Git Clone URL: https://aur.archlinux.org/nvhpc.git (read-only, click to copy)
Package Base: nvhpc
Description: NVIDIA HPC SDK
Upstream URL: https://gitlab.com/badwaik/archlinux/aur/nvhpc
Keywords: compiler cuda fortran pgi portland
Licenses: custom
Conflicts: pgi-compilers
Replaces: pgi-compilers
Submitter: a.kudelin
Maintainer: jayesh
Last Packager: jayesh
Votes: 14
Popularity: 0.003721
First Submitted: 2020-10-20 12:54 (UTC)
Last Updated: 2024-04-03 00:02 (UTC)

Dependencies (5)

Required by (0)

Sources (2)

Latest Comments

« First ‹ Previous 1 2 3 4 5 6 Next › Last »

ylee commented on 2022-12-22 01:38 (UTC) (edited on 2022-12-22 01:39 (UTC) by ylee)

@jayesh,

I think I've messed up with my environment variables. I had CUDA_HOME=/opt/cuda on my .zshrc, which I suspect makes the issue that unable to locate CUDA toolkits. Deleting my CUDA_HOME resolve the issue and doesn't need to have a separate NVHPC_CUDA_HOME.

For the gcc11 dependency issue (unsupported GNU version things, mentioned in the previous comment), I found that Arch's cuda community package resolved the issue by making symlinks. I've confirmed that similar approach could eliminate the "unsupported GNU version" warnings for nvcc in this package also:

ln -s /usr/bin/gcc-11 /opt/nvidia/hpc_sdk/Linux_x86_64/22.11/cuda/11.8/bin/gcc
ln -s /usr/bin/g++-11 /opt/nvidia/hpc_sdk/Linux_x86_64/22.11/cuda/11.8/bin/g++

This approach requires an additional dependency of gcc11 as the main version of gcc on Arch is now 12. Apparently, the upcoming newer version of CUDA, version 12, supports gcc12, but not sure how long it takes to bring the newer version of CUDA to nvhpc.

Still, I'm unsure how to resolve the nvlink warnings for nvfortran, which I also mentioned before. Maybe, this is also related to the gcc11 issue. It looks like the code is working well, so we could just ignore them for now.

aitzkora commented on 2022-12-21 15:58 (UTC)

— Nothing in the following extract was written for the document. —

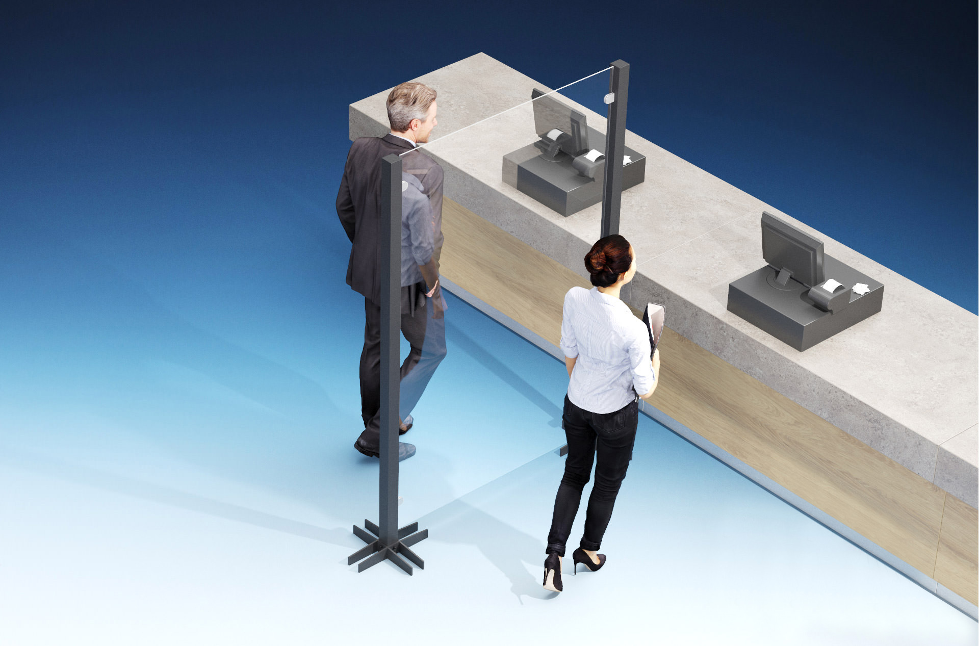 Unauffällig dient die Stellwand als Kundentrenner in seriellen Servicebereichen, sorgt dabei für Diskretion und Infektionsschutz zugleich. Riskante Kontakte sinken auf ein notwendiges Minimum. Ihr Raum für den Publikumsverkehr büßt nicht einmal an Großzügigkeit oder Attraktivität ein, ganz gleich, wie er gestaltet ist.

@jayesh : thanks for taking time to post the question on nvidia forum and post a solution. Now it works 👍

jayesh commented on 2022-12-21 12:47 (UTC)

So, the module file is provided by Nvidia. Do you mean that or do you mean the nvhpc.sh which is provided by AUR? For the second one, I can make the change in AUR, for the first one, we will need to contact NVIDIA to make the change (we can temporarily patch AUR however).

Also, if it is the module file, would it possible to make a MWE which shows the issue? I can forward that issue to NVIDIA then. Thanks!

ylee commented on 2022-12-20 23:55 (UTC) (edited on 2022-12-20 23:56 (UTC) by ylee)

Hello @jayesh,

Thank you for updating. Now I can use mpirun without a problem, but I think the modulefile should set an environment variable NVHPC_CUDA_HOME to /opt/nvidia/hpc_sdk/Linux_x86_64/22.11/cuda/11.8. Without this, nvhpc compilers can't locate the CUDA toolkits.

With the NVHPC_CUDA_HOME, I'm able to compile and run the CUDA program, but with some warnings. I guess this is because Arch's current gcc is version 12, which apparently is not supported by nvhpc. For example, nvcc complains like,

❯ nvcc hello.cu
In file included from /opt/nvidia/hpc_sdk/Linux_x86_64/22.11/cuda/11.8/include/cuda_runtime.h:83,
                 from <command-line>:
/opt/nvidia/hpc_sdk/Linux_x86_64/22.11/cuda/11.8/include/crt/host_config.h:132:2: error: #error -- unsupported GNU version! gcc versions later than 11 are not supported! The nvcc flag '-allow-unsupported-compiler' can be used to override this version check; however, using an unsupported host compiler may cause compilation failure or incorrect run time execution. Use at your own risk.
  132 | #error -- unsupported GNU version! gcc versions later than 11 are not supported! The nvcc flag '-allow-unsupported-compiler' can be used to override this version check; however, using an unsupported host compiler may cause compilation failure or incorrect run time execution. Use at your own risk.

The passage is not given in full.